(Senior) Bioinformatics Data Engineer, Omics Pipelines, Translational and Quantitative Sciences Data Engineering

Genmab
Princeton, NJ
Full-time

The Role

The successful candidate will contribute to the mission of the global data engineering function and be responsible for many aspects of data including creation of data-as-a-product, architecture, access, classification, standards, integration, and pipelines.

Although your role will involve a diverse set of data-related responsibilities, your key focus will be on the creation of bioinformatics pipelines to process bulk and single cell genomics and transcriptomics data for the enablement and downstream interpretation of Translational and Quantitative Sciences functions, including Data Science, Translational Medicine, Precision Medicine, and Translational Research.

You will have a balance of subject matter expertise in life science data, terminology and processes and technical expertise for hands-on implementation.

You will be expected to create workflows to standardize and automate data, connect systems, enable tracking of data, implement triggers and data cataloging.

With your experience in the Research domain, you will possess knowledge of diverse assay types such as IHC, flow cytometry, cytokine data, but specialize in genomics and transcriptomics.

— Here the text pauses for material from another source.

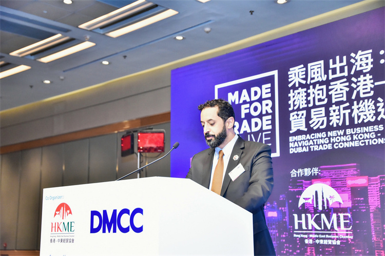 香港─中東經貿協會與迪拜多種商品交易中心(Dubai Multi Commodities Centre, DMCC),今早(21日)在灣仔會展合辦講座「乘風出海:擁抱香港—迪拜貿易新機遇」,討論香港與迪拜金融貿易的新機遇。 DMCC執行主席兼首席執行官Ahmed bin sulayem此次專程訪港,他在開幕致辭時形容迪拜與香港擁有許多共同之處,例如國際化、城市有活力,最適合兩城之間互相學習,共同進步 。

Your ultimate goal will be to place data at the fingertips of stakeholders and enable science to go faster. You will join an enthusiastic, agile, fast-paced and explorative global data engineering team.

Responsibilities

  • Design, implement and manage ETL data pipelines that process and transform vast amounts of scientific data from public, internal and partner sources into various repositories on a cloud platform (AWS)
  • Incorporate bioinformatic tools and libraries to the processing pipelines for omics assays such as bulk and single cell RNASeq
  • Enhance end-to-end workflows with automation that rapidly accelerate data flow with pipeline management tools such as Step Functions, Airflow, or Databricks Workflows in combination with specialized bioinformatics pipeline tools such as WDL, Nextflow, or Snakemake
  • Implement and maintain bespoke databases for scientific data (RWE, in-house labs, CRO data) and consumption by analysis applications and AI products
  • Innovate and advise on the latest technologies and standard methodologies in Data Engineering and Data Management, including recent advancements with GenAI, and latest bioinformatics tools, modules and techniques in RNA sequencing analysis
  • Manage relationships and project coordination with external parties such as Contract Research Organizations (CRO) and vendor consultants / contractors
  • Define and contribute to data engineering practices for the group, establishing shareable templates and frameworks, determining best usage of specific cloud services and tools, and working with vendors to provision cutting edge tools and technologies
  • Collaborate with stakeholders to determine best-suited data enablement methods to optimize the interpretation of the data, including creating presentations and leading tutorials on data usage as appropriate
  • Apply value-balanced approaches to the development of the data ecosystem and pipeline initiatives
  • Proactively communicate data ecosystem and pipeline value propositions to partnering collaborators, specifically around data strategy and management practices
  • Participate in GxP validation processes

Requirements

  • BS / MS in Computer Science, Bioinformatics, or a related field with 5+ years of software engineering experience (8+ years for senior role) or a PhD in Computer Science, Bioinformatics or a related field and 2+ years of software engineering experience (5+ years for senior role)
  • Excellent skills and deep knowledge of ETL pipeline, automation and workflow managements tools such as Airflow, AWS Glue, AWS Step Functions, and CI / CD is a must.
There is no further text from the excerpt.